PWR services expanded to concussion clinics and AED (cardiac defibrillator) workshops when the devices were newly installed. Lamb started teddy bear picnics, 4v4 hockey, preschool sports, and a long list of other activities.
âThe day camp has always been a success. My first camp leader was Tricia Hayward, followed by 50 other students looking for experience working with children. His emotions rise to the surface as Lamb continues, âNothing makes me more proud than seeing these leaders living their careers today. Many of them are your local teachers. Perhaps one of the keys to her success in communities is summed up in her own words: âWe always had fun! “
The boldness to âjust do itâ was another key to bringing activity to the region. “To my instructors, wow, where to start?” Lamb says many wanted to practice the newly learned skills, but didn’t know how to engage the audience. âThat’s when I came in,â she says, adding, âNow a lot of them have their own successful businesses. “
Lamb budgeted for the course or activity, made reservations, and organized the venue.
She has networked in her role as PWR and over the years has built relationships with course instructors. Last year, the dog agility course at Diana Defoe’s Lenore Outdoor Dog Course is one example. âWho knew we had a dog trainer who had been around the world for dog competitions? “
PWR’s programs have allowed instructors to develop as facilitators and teachers. âSometimes leaders didn’t even realize they had something to offer, but I saw an opportunity, I put it in place and made it work. “
Recreation directors often help each other. âA huge compliment was when my peers copied my programs.

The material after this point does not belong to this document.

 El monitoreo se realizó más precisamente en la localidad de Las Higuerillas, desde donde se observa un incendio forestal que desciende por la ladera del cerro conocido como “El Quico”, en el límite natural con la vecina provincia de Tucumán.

Recreation managers have often supported themselves morally through the challenges of meeting public needs within the budget. âHaving my peers just a phone call away has kept me sane. To be recognized by the provincial recreation council, Recreation Manitoba, in June of last year, was very humbling. Lamb says, âI want to thank everyone who has been on my almost 16-year trip. It has been incredible. I have been blessed and am grateful for the opportunity to serve the community.
COVID closures have injured many community organizations, including PWR.

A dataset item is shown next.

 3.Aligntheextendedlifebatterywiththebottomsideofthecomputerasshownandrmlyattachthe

“The pandemic was difficult, my passion stopped, I canceled everything, but I persevered and I still created greatness.”
During 2020, new programs surfaced when outdoor activities were the only things available, including the crokicurl and the golf course’s winter hiking trail. Most memorable was when Santa Claus walked around a street parade, visiting schools and institutions for the elderly.
Laurel Lamb will remember this role all her life. “My favorite day was as Mrs. Claus, and hearing the kids screaming in excitement.”
Information from the board indicates that no new PWR programs will be launched, but programs already ready to go this fall, such as the Baby-Sitters course, will take place.